Mon Nov 23, 2009 12:52 am

Hello everyone. I have reviewed most all of the other posts about ducts and could not find the answers to a couple questions I have. I was hoping someone could steer me in the right direction if nothing else. I am in the process of a total rehab of my 1982 Manatee singlewide. Years ago, before I started this project I had already removed an existing Intertherm heating unit and installed a package ac/heating unit. I simply sealed off the opening in the floor of the closet where the heater had been and attached my supply from underneath, thus using the existing under-floor trunk for my package unit. This coupled with the return I added worked ok. I now know that there are calculations you are suppose to do, etc but at the time I just went with what I had. With all of that said, I have since completely removed the insulation, and trunkline under the home.
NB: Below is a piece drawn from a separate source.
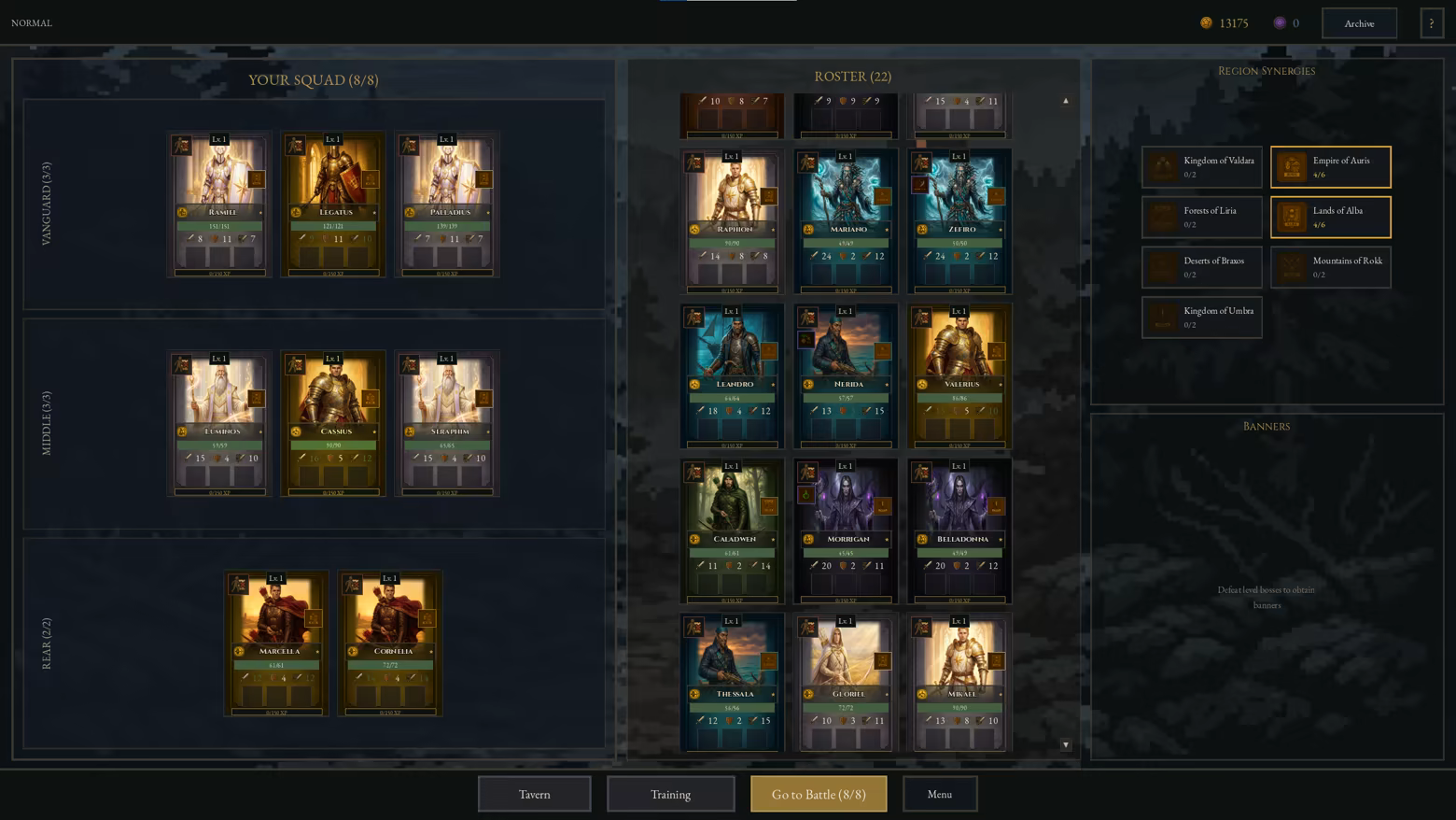 You assemble a squad from a pool of units, each with its own role, strengths, and scaling potential.

I am going to replace the package unit with a new one. I noticed that the trunk line I removed is rectangular and is aluminum. There is no insulation on it. Is this because it was buried in the actual floor insulation? I'm assuming that would catch any condensation. So would the new duct, that I will have to have fabricated, need to be wrapped with insulation or will it be ok once I've put the new floor insulation back in place all around it? Also, has anyone on here moved their vents from the floor to the ceiling? I'm also building a pretty elaborate roof-over that I have contemplated closing in and adding more insulation. If I did this, I could use round flex but would have to build distribution boxes, cut holes in the old (existing) roof to drop my registers. The only problem with this option is how to attach the register boxes to the flimsy 1x trusses. I apologize for the lengthy post and I know everyone is busy this time of year, but any suggestions and/or advise would be much appreciated. Thanks.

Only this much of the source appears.